En tiempo real los mexicanos nos fuimos enterando del avance de las negociaciones. Del optimismo y “mal inglés” de la delegación mexicana, de los amagos de Trump y sus socios, del apoyo de un empresario a Obrador también por la vía epistolar y hasta de los cacahuates que se comió el vocero de la cancillería. La política migratoria de México, los acuerdos arancelarios, la movilización ante la amenaza de esta guerra, los acuerdos en lo oscuro que serán revelados en su oportunidad, todo, pasó por Twitter. La crisis de los cacahuates no se ha resuelto, hoy lo sabemos, sólo tiene una prórroga de 45 días. Luego, ya veremos.

Un ejemplo increíblemente más radical lo encontramos al sur de nuestra frontera. El novel presidente de El Salvador, Nayib Bukele @nayibbukele, quien por cierto es el mejor evaluado de todos los mandatarios del orbe, libra su propia guerra intestina en Twitter. Las órdenes presidenciales no son escritas, son trinadas. Lo mismo ordena el cese de funcionarios de la pasada administración, que la construcción de puentes. E incluso da la orden de votar por él para convertirlo en el presidente de Twitter y emite el decreto que evita el uso del sustantivo payaso como adjetivo para los políticos corruptos: “Se les ordena a todos ya no decirle payasos a los políticos corruptos.”. Y así de inmediato, viene a mi mente cualquier publicación de un decreto, ley o ordenamiento oficial publicado en el Diario Oficial de México, donde después de la presentación del texto se transcribe “ ANDRÉS MANUEL LÓPEZ OBRADOR , Presidente de los Estados Unidos Mexicanos, a sus habitantes sabed..” texto heredado de un protocolo centenario, desactualizado, propio del juglar o del comisario que le da lectura en la plaza publica pero apto para el Milenial que consume su información en 140 caracteres o en una historia de Instagram cuya vida será de 24 horas.

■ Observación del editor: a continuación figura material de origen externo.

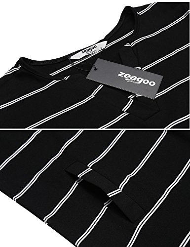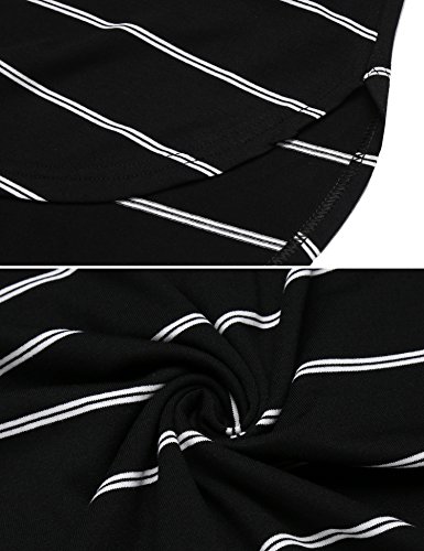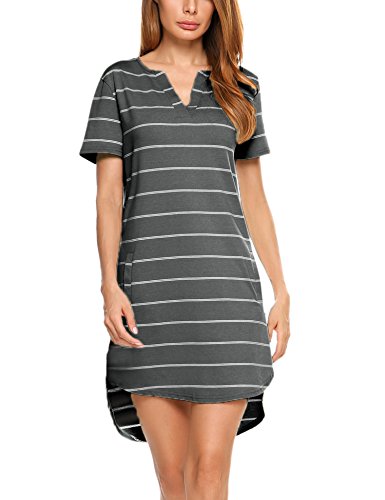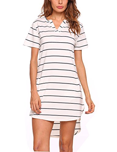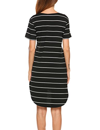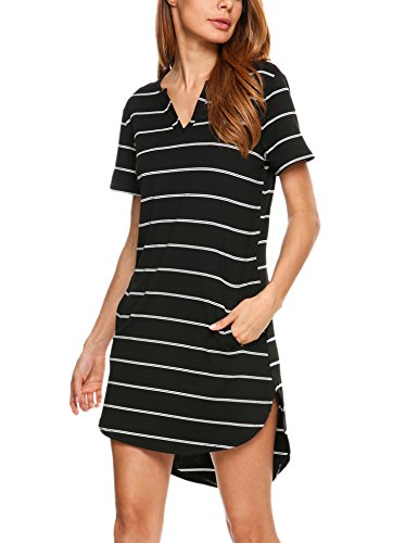 Feature: V Neck / Short sleeve / pinstriped printed / High low hem design / Casual loose dress / 2 side-entry welt pockets / Pull on closure

Este estilo hizo al hombre que hoy gobierna a El Salvador. Un político calificado como millennial que tiene a todos en su país con las notificaciones activadas, para saber si el siguiente tuit los beneficia o los perjudica. Esta es la nueva economía que da sustento a la filosofía, la política y las unidades de administración de la producción. Ha instaurado su reino en los medios sociales digitales. El lenguaje, la velocidad y las formas han sido irreversiblemente modificadas y por ende está produciendo nuevos sujetos. Quien tenga la capacidad de conocer la nueva gramática y sintaxis, se asegurará un lugar en la Historia, para el resto, queda la ignominia de la sociedad digital.